Exercise data Block Start

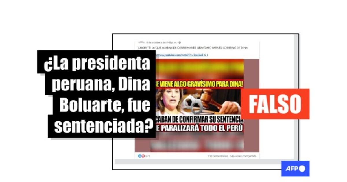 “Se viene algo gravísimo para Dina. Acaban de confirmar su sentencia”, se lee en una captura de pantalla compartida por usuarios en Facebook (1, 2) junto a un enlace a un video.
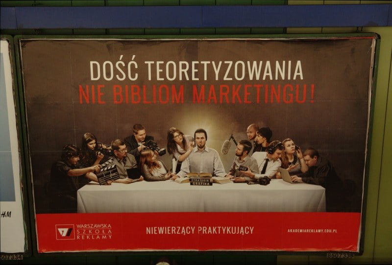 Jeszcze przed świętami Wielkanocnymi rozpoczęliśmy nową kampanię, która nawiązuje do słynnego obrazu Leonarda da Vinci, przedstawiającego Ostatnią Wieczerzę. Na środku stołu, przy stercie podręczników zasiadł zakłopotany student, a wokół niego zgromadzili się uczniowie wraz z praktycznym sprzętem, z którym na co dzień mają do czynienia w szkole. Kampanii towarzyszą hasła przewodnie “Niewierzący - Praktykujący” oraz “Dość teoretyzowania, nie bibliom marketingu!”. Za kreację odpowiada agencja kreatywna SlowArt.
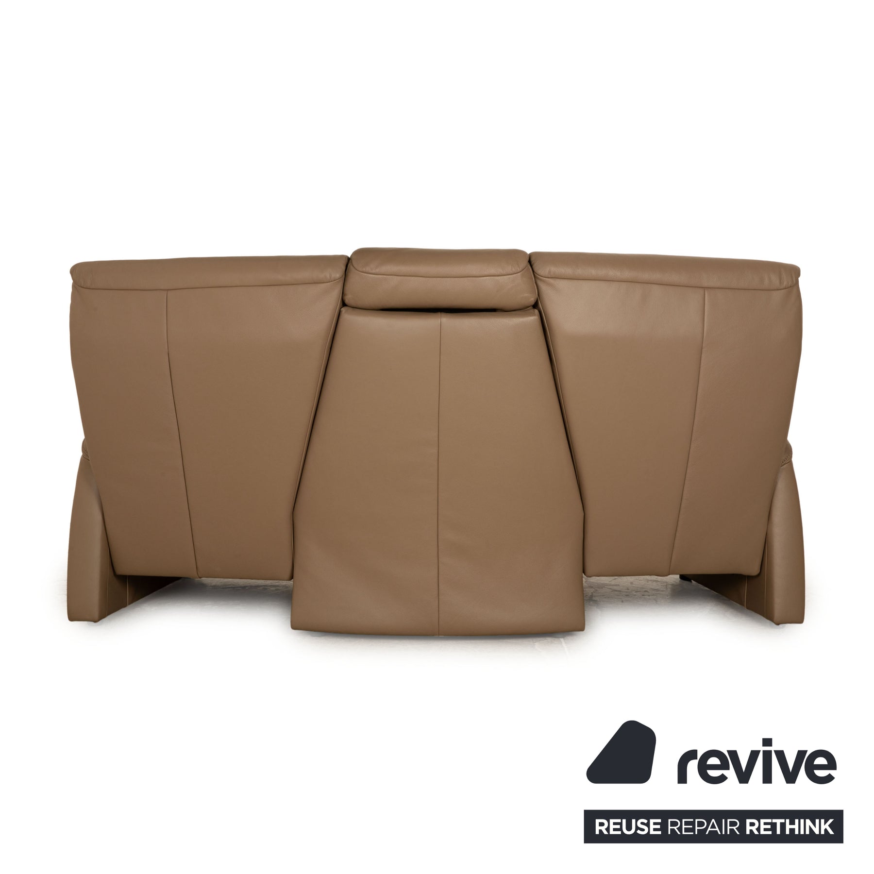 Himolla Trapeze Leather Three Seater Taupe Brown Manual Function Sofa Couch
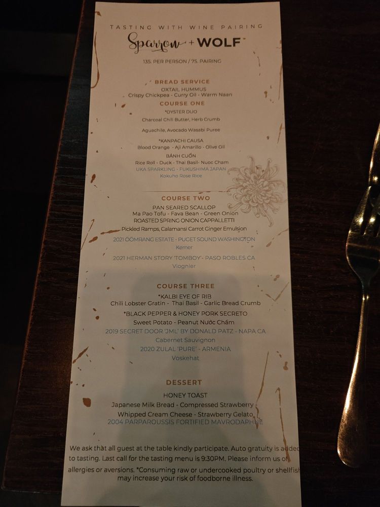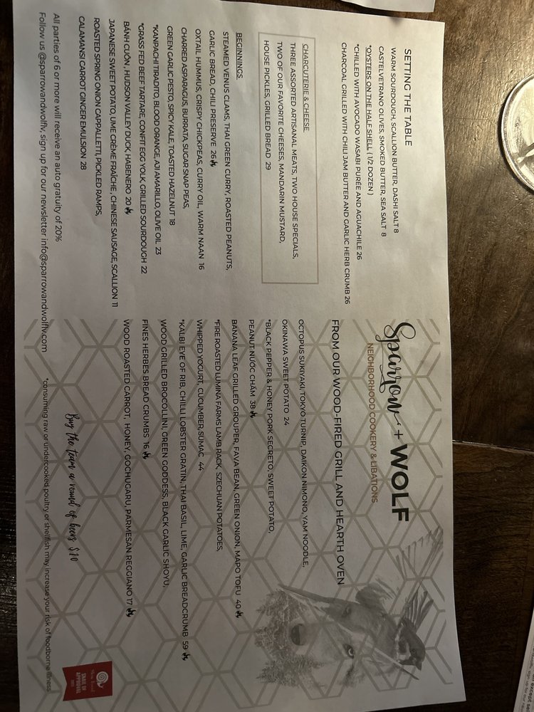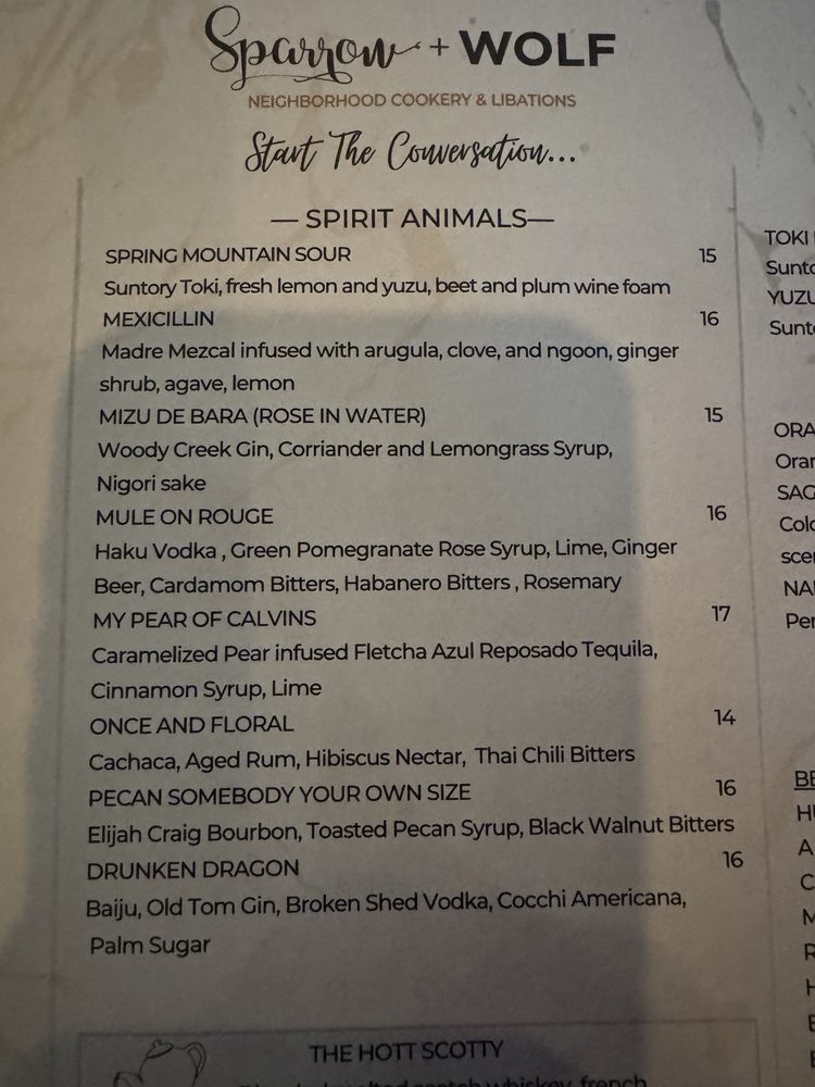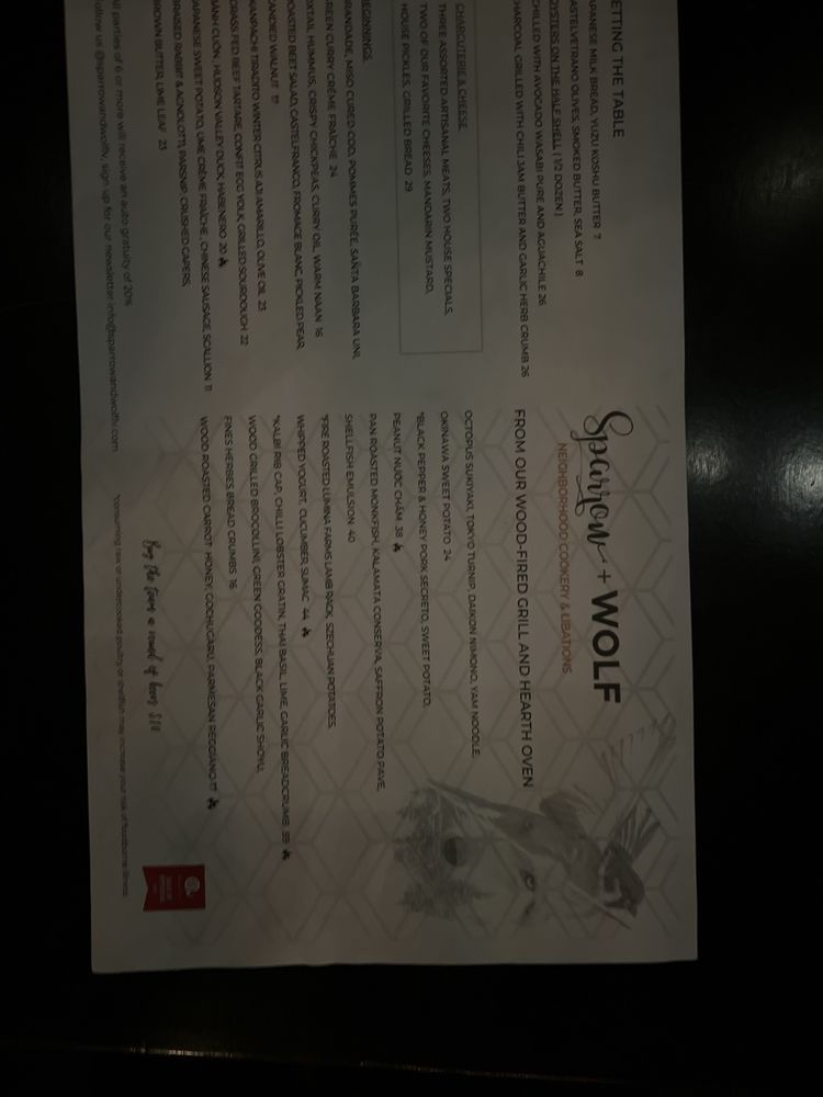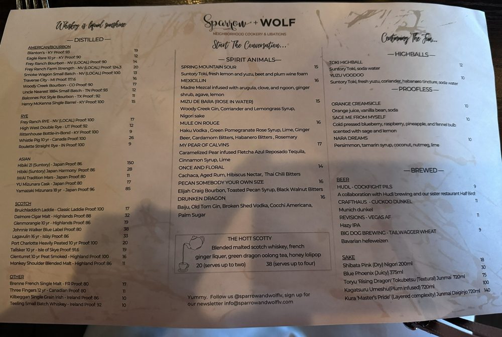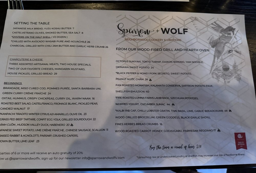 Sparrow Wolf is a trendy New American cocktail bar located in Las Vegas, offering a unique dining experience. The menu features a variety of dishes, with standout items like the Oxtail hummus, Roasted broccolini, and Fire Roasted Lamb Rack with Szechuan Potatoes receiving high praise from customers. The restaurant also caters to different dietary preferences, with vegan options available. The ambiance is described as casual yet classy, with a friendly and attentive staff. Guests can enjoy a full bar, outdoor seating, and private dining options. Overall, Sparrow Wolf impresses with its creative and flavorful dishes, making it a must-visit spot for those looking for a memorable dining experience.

Exercise data Block End

**What this task involves:** Leave the pictures out, and copy exactly each line from the one containing "Jeszcze przed świętami" through the final line of the data.

**Solution:**
 Jeszcze przed świętami Wielkanocnymi rozpoczęliśmy nową kampanię, która nawiązuje do słynnego obrazu Leonarda da Vinci, przedstawiającego Ostatnią Wieczerzę. Na środku stołu, przy stercie podręczników zasiadł zakłopotany student, a wokół niego zgromadzili się uczniowie wraz z praktycznym sprzętem, z którym na co dzień mają do czynienia w szkole. Kampanii towarzyszą hasła przewodnie “Niewierzący - Praktykujący” oraz “Dość teoretyzowania, nie bibliom marketingu!”. Za kreację odpowiada agencja kreatywna SlowArt.
 Himolla Trapeze Leather Three Seater Taupe Brown Manual Function Sofa Couch
 Sparrow Wolf is a trendy New American cocktail bar located in Las Vegas, offering a unique dining experience. The menu features a variety of dishes, with standout items like the Oxtail hummus, Roasted broccolini, and Fire Roasted Lamb Rack with Szechuan Potatoes receiving high praise from customers. The restaurant also caters to different dietary preferences, with vegan options available. The ambiance is described as casual yet classy, with a friendly and attentive staff. Guests can enjoy a full bar, outdoor seating, and private dining options. Overall, Sparrow Wolf impresses with its creative and flavorful dishes, making it a must-visit spot for those looking for a memorable dining experience.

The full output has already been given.